◆ What is expected
Copy the lines below, please, starting with the one that contains "果蔬果渣经过输送机,输送到高" and ending with the last. Pictures stay out.

◆ Data under study
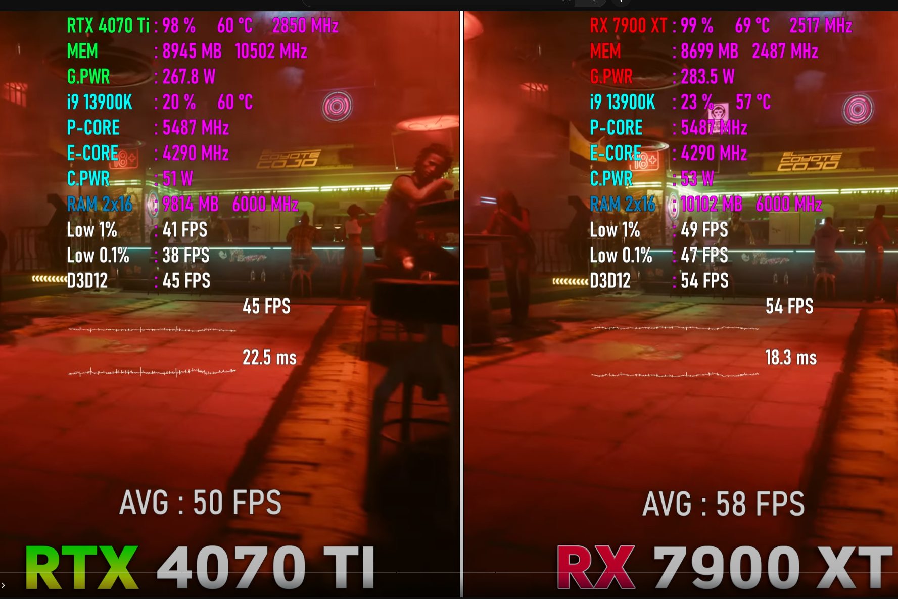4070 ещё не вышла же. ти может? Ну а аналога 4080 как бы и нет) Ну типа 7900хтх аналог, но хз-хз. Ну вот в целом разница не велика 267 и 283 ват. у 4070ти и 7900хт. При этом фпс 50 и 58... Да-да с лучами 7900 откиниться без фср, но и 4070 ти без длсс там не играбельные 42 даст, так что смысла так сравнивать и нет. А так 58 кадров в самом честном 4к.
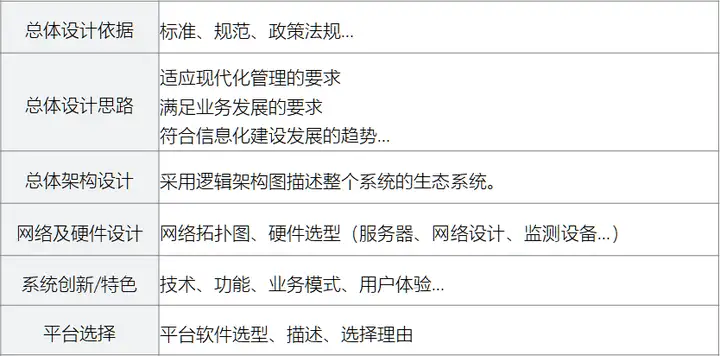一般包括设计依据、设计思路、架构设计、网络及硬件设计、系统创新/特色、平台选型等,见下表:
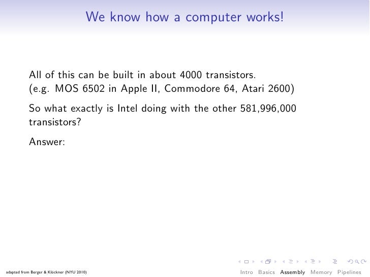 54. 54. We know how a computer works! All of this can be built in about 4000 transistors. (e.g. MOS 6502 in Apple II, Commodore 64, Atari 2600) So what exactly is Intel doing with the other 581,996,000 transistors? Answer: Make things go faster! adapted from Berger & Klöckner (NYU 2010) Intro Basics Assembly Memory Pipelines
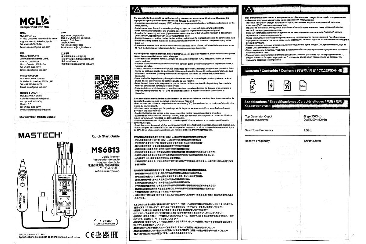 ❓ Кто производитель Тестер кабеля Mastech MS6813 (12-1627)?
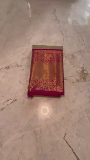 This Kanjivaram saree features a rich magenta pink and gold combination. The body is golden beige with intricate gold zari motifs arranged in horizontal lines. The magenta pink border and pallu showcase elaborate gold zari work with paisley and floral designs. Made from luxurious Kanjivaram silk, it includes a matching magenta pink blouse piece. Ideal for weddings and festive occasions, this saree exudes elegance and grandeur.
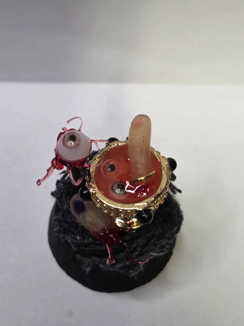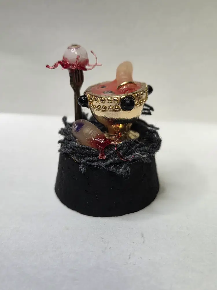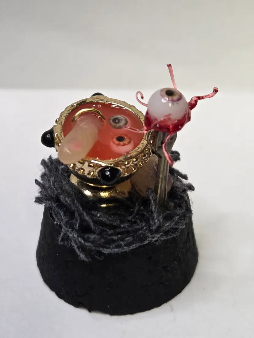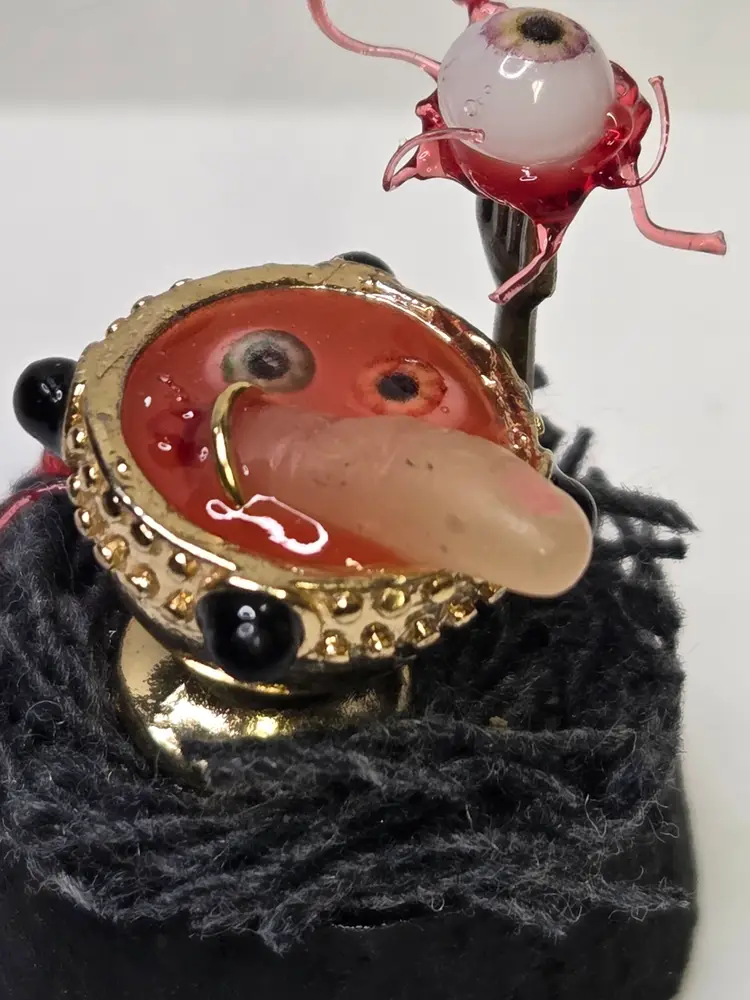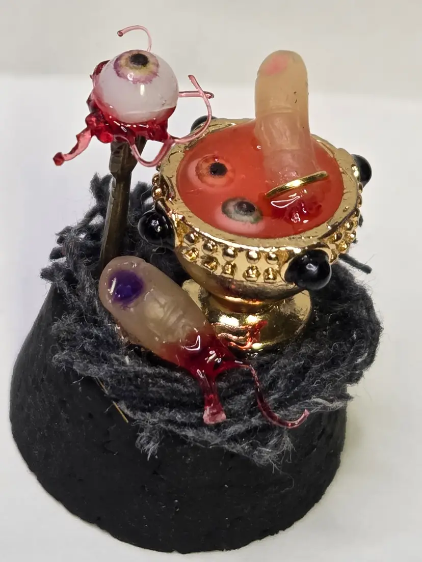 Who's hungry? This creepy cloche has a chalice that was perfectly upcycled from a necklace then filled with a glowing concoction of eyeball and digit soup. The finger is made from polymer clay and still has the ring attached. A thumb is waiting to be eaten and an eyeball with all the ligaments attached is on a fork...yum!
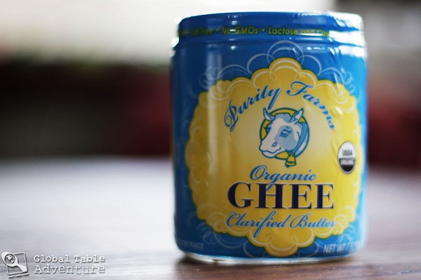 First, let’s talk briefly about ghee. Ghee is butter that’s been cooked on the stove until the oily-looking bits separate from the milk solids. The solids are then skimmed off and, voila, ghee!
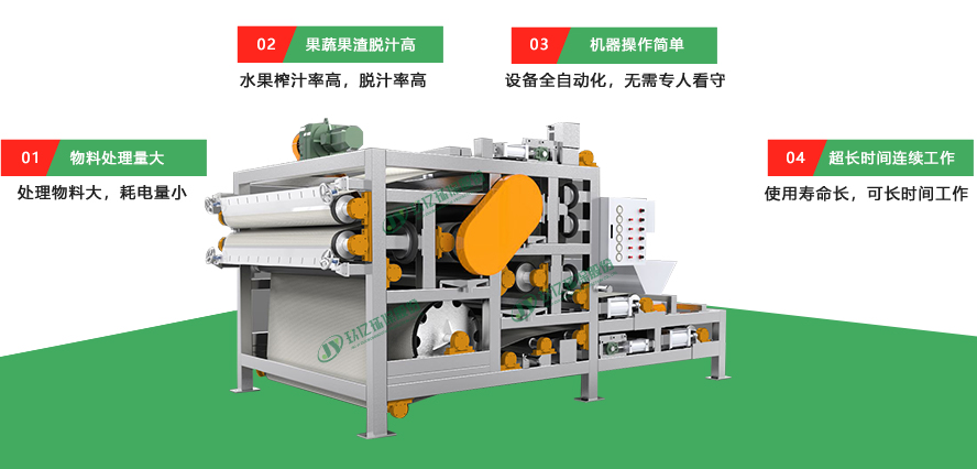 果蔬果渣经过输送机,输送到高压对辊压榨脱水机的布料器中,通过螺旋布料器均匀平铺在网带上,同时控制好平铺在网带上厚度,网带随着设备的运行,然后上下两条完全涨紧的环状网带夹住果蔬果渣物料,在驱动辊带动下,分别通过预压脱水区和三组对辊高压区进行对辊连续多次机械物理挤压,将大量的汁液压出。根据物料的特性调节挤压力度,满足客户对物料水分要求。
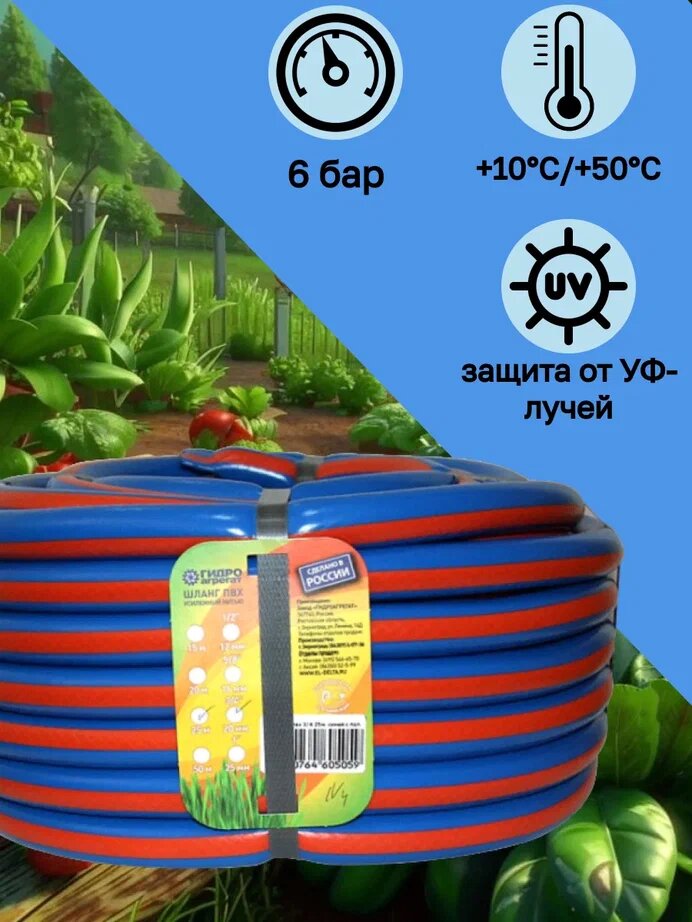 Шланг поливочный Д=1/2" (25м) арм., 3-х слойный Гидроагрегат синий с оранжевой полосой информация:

◆ Result of the task
 果蔬果渣经过输送机,输送到高压对辊压榨脱水机的布料器中,通过螺旋布料器均匀平铺在网带上,同时控制好平铺在网带上厚度,网带随着设备的运行,然后上下两条完全涨紧的环状网带夹住果蔬果渣物料,在驱动辊带动下,分别通过预压脱水区和三组对辊高压区进行对辊连续多次机械物理挤压,将大量的汁液压出。根据物料的特性调节挤压力度,满足客户对物料水分要求。
 Шланг поливочный Д=1/2" (25м) арм., 3-х слойный Гидроагрегат синий с оранжевой полосой информация:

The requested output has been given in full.